▸ Task item: Working from the listing below, pick each line containing the word "that" and copy it.

▸ The data:
◆ ◆ ◆ ◆

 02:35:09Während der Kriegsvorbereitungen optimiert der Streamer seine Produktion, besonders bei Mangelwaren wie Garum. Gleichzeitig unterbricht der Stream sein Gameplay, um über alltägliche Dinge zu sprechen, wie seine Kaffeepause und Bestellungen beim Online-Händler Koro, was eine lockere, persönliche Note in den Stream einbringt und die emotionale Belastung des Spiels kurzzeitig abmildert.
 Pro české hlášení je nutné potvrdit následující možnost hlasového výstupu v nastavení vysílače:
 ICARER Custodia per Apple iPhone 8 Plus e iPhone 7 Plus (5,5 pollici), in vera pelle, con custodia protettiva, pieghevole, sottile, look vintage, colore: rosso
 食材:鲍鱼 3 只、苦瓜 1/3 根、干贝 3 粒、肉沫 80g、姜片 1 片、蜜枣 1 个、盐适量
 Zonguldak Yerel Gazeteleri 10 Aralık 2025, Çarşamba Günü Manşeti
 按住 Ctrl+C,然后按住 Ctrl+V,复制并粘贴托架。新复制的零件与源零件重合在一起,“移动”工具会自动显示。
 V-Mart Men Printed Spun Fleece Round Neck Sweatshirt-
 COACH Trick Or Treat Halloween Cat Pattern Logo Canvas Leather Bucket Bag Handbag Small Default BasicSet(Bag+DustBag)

◆ ◆ ◆ ◆

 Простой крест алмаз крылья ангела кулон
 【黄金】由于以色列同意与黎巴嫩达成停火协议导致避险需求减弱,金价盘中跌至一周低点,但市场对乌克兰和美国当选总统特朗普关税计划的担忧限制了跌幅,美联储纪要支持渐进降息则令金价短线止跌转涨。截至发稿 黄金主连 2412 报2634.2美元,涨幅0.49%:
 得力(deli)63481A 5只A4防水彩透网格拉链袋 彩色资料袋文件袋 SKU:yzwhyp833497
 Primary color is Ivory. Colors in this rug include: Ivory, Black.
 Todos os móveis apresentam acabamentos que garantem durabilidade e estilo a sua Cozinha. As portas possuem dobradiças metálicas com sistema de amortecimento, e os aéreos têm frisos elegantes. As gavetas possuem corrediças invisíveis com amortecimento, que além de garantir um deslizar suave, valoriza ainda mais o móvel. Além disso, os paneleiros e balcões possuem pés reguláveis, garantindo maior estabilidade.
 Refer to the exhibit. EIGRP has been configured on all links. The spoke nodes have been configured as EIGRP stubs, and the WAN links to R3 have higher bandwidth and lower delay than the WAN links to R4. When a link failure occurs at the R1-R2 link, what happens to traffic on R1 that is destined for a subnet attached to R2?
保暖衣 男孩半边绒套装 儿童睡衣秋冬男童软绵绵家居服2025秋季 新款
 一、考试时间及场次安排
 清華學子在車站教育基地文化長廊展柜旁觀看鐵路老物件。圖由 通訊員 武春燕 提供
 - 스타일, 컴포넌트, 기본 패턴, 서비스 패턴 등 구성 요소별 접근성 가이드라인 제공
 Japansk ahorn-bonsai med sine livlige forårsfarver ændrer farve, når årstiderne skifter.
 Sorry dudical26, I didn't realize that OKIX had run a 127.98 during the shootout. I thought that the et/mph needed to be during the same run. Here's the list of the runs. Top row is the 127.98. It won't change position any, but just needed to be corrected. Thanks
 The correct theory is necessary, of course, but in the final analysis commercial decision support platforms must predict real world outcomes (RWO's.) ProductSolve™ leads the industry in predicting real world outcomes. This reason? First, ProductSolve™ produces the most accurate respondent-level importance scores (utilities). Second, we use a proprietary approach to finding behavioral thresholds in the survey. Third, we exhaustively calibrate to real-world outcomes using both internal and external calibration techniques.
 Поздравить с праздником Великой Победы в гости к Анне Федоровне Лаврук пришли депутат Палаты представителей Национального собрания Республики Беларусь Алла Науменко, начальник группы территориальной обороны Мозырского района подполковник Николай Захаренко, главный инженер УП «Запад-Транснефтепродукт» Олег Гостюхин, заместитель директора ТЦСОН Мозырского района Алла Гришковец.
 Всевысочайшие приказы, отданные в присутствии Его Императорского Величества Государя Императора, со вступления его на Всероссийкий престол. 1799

◆ ◆ ◆ ◆

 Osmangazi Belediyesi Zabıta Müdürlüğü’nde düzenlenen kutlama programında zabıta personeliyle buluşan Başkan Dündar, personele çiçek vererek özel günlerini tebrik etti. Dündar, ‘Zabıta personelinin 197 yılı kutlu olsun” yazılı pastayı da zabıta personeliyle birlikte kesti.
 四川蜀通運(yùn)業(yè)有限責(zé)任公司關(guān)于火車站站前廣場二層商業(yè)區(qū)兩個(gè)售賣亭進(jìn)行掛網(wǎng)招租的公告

◆ ◆ ◆ ◆

▸ Solution:
 Refer to the exhibit. EIGRP has been configured on all links. The spoke nodes have been configured as EIGRP stubs, and the WAN links to R3 have higher bandwidth and lower delay than the WAN links to R4. When a link failure occurs at the R1-R2 link, what happens to traffic on R1 that is destined for a subnet attached to R2?
 Sorry dudical26, I didn't realize that OKIX had run a 127.98 during the shootout. I thought that the et/mph needed to be during the same run. Here's the list of the runs. Top row is the 127.98. It won't change position any, but just needed to be corrected. Thanks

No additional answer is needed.